LETTER FROM ANDRÉS OLIVÉ
I'm writing you because since I came back from Canada I have realized that things are not the same. I got used to life there, living here feels strange and I don't feel this is the right place for me. The environment around me has changed a lot since I left to Canada, and now that I came back I found things way different and I don't feel comfortable when I am with my friends anymore. They are all into different things than me and I respect that, but I don't like what they do and what they get into. And I don't want to get involved in those things.
Living in Canada and going to NAT didn't just teach me academics and tennis, but it also made me grow up as a person. It made me realize that there's a whole lot of opportunities to become successful out there, and that we have to work to achieve each and every one of them. That's what I want to do. I learned so many values by living with many people from different countries that they became like brothers and sisters to me. My mind opened to so many different things that I had never seen before. When I first got to NAT last summer, I was expecting to have a good year, but I never imagined how great it would actually be, and now that I'm here I can see what I left behind and how much I miss it.
What surprises me the most, now that I look back, is that I have realized I was so close to so many people there, which you know because you saw me the day I left. I couldn't stop crying because I knew I was about to leave something that would never happen again, an unforgettable year. I didn't know when I was going to see you all again, or if I would ever see you all again.
The feeling that I get when I remember all the good things that happened last year is indescribable. Living on my own, learning how to get along with all the guys that were around me, supporting them when they needed it, and being supported when I needed to. made me grow not only as a person, but as a human being. I found out the real value of friends, how much I need them, and even though sometimes we didn't like it, we acted as a family, loving, respecting, and caring for each other.
One of the guys told me that when I came back to Mexico and I hung out with my friends I was going to notice a big change in what I valued, that living with older people would have made me mature, which I notice it now.

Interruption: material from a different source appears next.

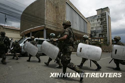 6月28日,在洪都拉斯首都特古西加爾巴,士兵抵達議會大樓。洪都拉斯議會正在此召開緊急會議,討論該國當前的政治形勢。洪都拉斯最高法院28日宣布對現任總統曼努埃爾·塞拉亞的罷免決定,并稱28日凌晨洪都拉斯軍方拘押及強行驅逐總統的行為合法。 新華社/路透

I can't find people who I can trust and that I'm sure they will be there for me for whatever reason I need them to. Friends here are not so close to each other, and I don't like that. I miss having people by my side that really care about me, I miss those times when someone wasn't feeling good, and I would go and try to make them happy by saying something that would make them laugh. I miss those times when instead of jumping all over the house and talking to everyone, I would go upstairs right after dinner, lie on my bed because I wasn't feeling good, then someone would notice that very quickly, and they would go upstairs, talk to me and try to make me feel good, just like I did with them.
Living with a host parent helped me become a responsible guy. I was taught that everything I said and did, would bring a consequence, either good or bad, and instead of covering it up, I should admit my mistakes and face the consequences. It made me realize that people can become very close to each other in a very short time, and that's what happened with us.
I was told that teachers and coaches at NAT were not only that, but they were part of a big family too, which is true. They became an important part of my life. They were always there for me if I needed to talk about something. If I had problems with people, school, tennis, or anything else, they would support me. I know coaches' job was only to train us, but they always did something else to help us, a little extra thing they didn't have to do, but they did it anyways.
Every single person at the academy told me you had a great heart, and that you loved to help people. I always tried to follow one of the examples you set, to be nice and treat people with respect. You were always there for me which made me feel confident to talk to you about a lot of things. I love the family environment at the academy. I don't understand how you make it happen, because year after year it's the same environment with totally different people. I have heard from people that studied and trained at NAT for several years and how they wish they could go back to those days.
Last year I started playing some good tennis. I learned a lot of things that helped me improve as a player and I worked hard to obtain what I did, and finally when my game was starting to get better and better, I had to come back here. This is one of the things that concerns me the most. I have been trying to find a good place where to train and to keep improving my tennis game. I'm currently training at the club where I did before I left to Canada, but practice is not good. Coaches are lazy and they never help us with anything. They never talk to us about our game and they never give us tips or tell us how to improve. I can't believe that everything I improved in my tennis game last year, which I worked so hard for, I'm losing this easily.
I finally made my parents realize that this is not the right place for me, they thought things would be just as they were before I left to Canada, but they have changed. I have made them realize that my friends are wasting their time instead of doing something that will help them in the future, which what I'm trying to do. But I can't find someone to support me the way you did. I want to go to a good university, where I can get a very good education and play very good tennis as well. I would also like to play some ITFs and get some points, but I have to train hard to achieve all these things.